_Information supplied_.
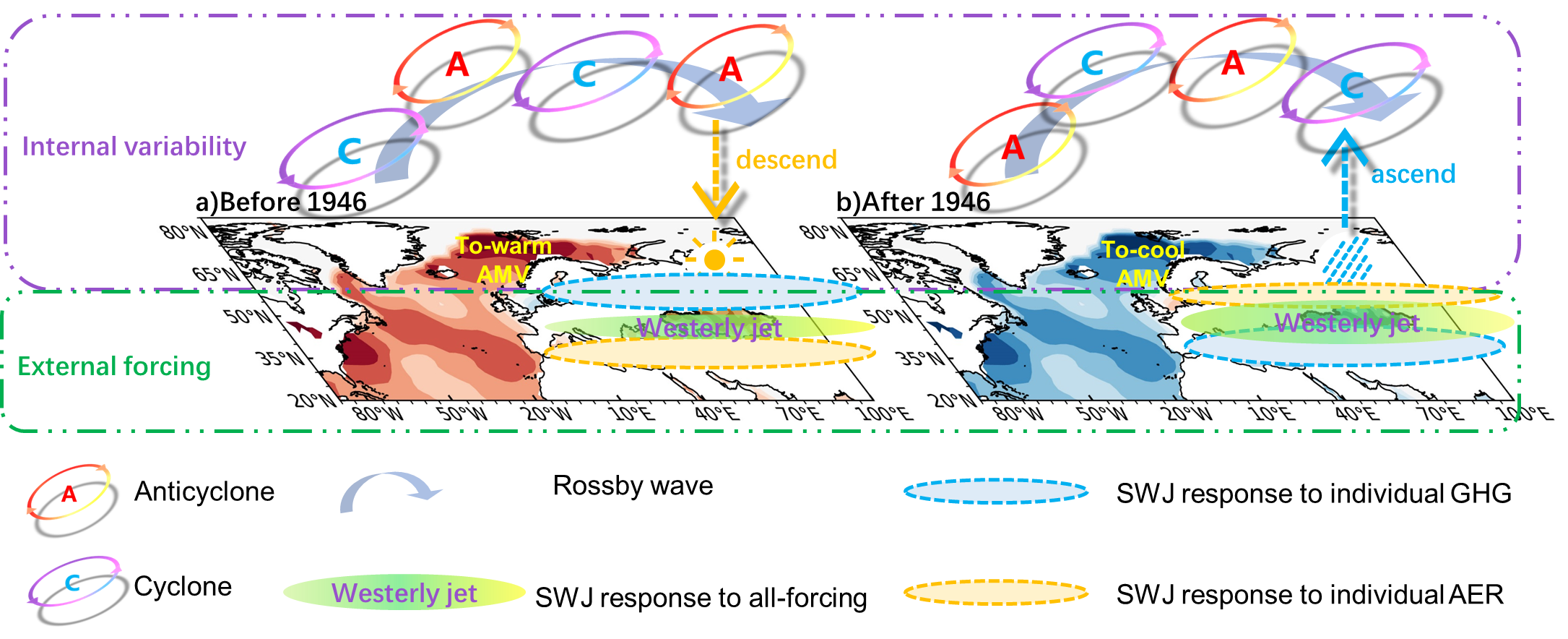 图三 中亚冬季降水在1946年前后变干与变湿的动力机制示意图。(a) 1946年之前,(b) 1946年之后。图中展示了大西洋多年代际变率(AMV)位相转换、西风急流(SWJ)位置变化、AMV诱发的200 hPa罗斯贝波列,以及中亚降水趋势的变化。红色(蓝色)阴影表示AMV由冷向暖(由暖向冷)转变,蓝色曲线表示罗斯贝波传播路径。字母A与C分别代表反气旋与气旋异常。绿色、蓝色虚线和黄色虚线椭圆分别表示SWJ对全强迫、温室气体(GHG)和气溶胶(AER)强迫的响应。图中黄色太阳符号和向下箭头表示中亚地区变干和异常下沉运动,蓝色雨滴符号和向上箭头表示变湿和异常上升运动。
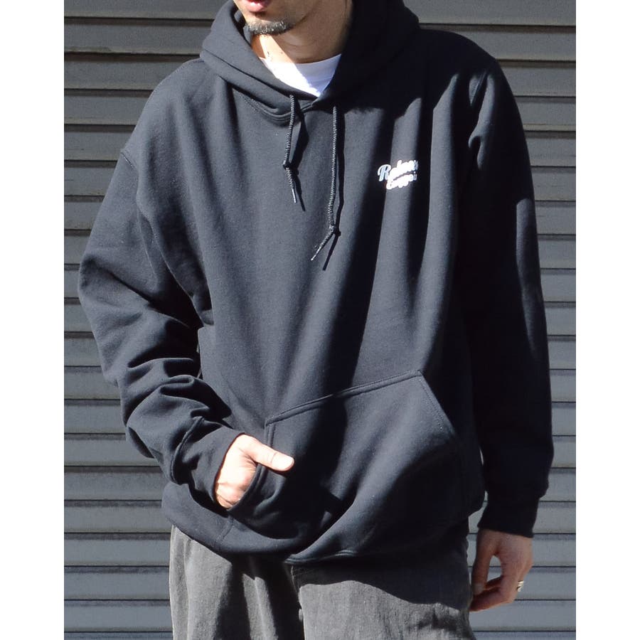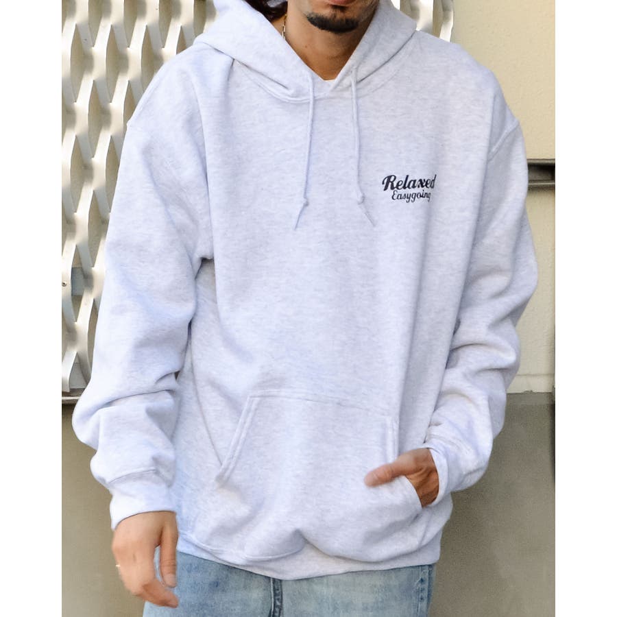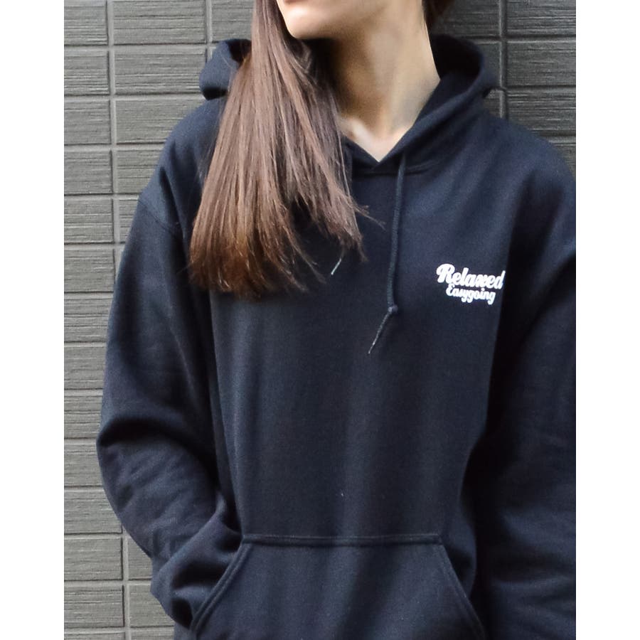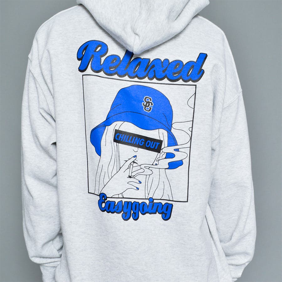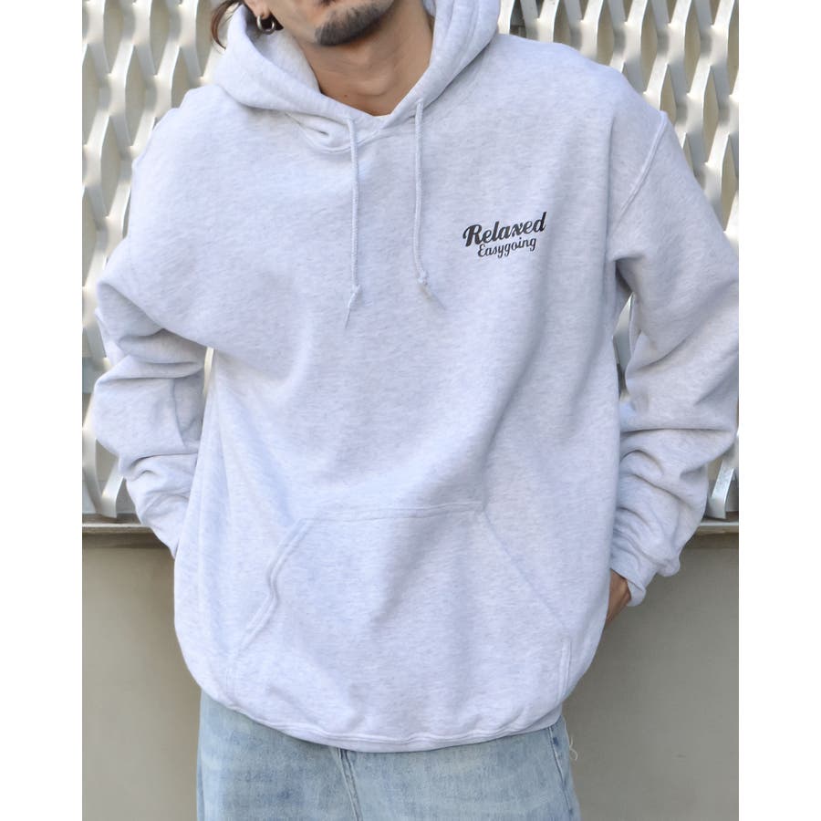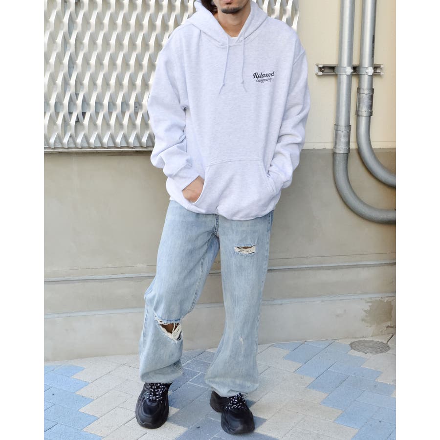 ・大人気の線画イラストをバックにプリントしたビッグシルエットフーディー。
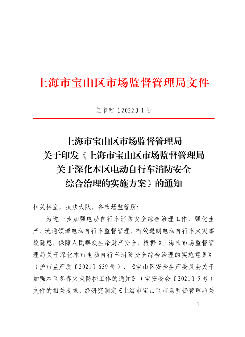 上海市宝山区市场监督管理局关于深化本区电动自行车消防安全综合治理的实施方案
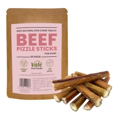 Vale Pet Food 10 Pack Beef Pizzle Bully Sticks for Dogs & Puppies 100% Natural Grain Free Long Lasting Great Dental Health

_Exercise goal_. Please reproduce the whole listing exactly; the pictures stay out.

_Response_.
 图三 中亚冬季降水在1946年前后变干与变湿的动力机制示意图。(a) 1946年之前,(b) 1946年之后。图中展示了大西洋多年代际变率(AMV)位相转换、西风急流(SWJ)位置变化、AMV诱发的200 hPa罗斯贝波列,以及中亚降水趋势的变化。红色(蓝色)阴影表示AMV由冷向暖(由暖向冷)转变,蓝色曲线表示罗斯贝波传播路径。字母A与C分别代表反气旋与气旋异常。绿色、蓝色虚线和黄色虚线椭圆分别表示SWJ对全强迫、温室气体(GHG)和气溶胶(AER)强迫的响应。图中黄色太阳符号和向下箭头表示中亚地区变干和异常下沉运动,蓝色雨滴符号和向上箭头表示变湿和异常上升运动。
 ・大人気の線画イラストをバックにプリントしたビッグシルエットフーディー。
 上海市宝山区市场监督管理局关于深化本区电动自行车消防安全综合治理的实施方案
 Vale Pet Food 10 Pack Beef Pizzle Bully Sticks for Dogs & Puppies 100% Natural Grain Free Long Lasting Great Dental Health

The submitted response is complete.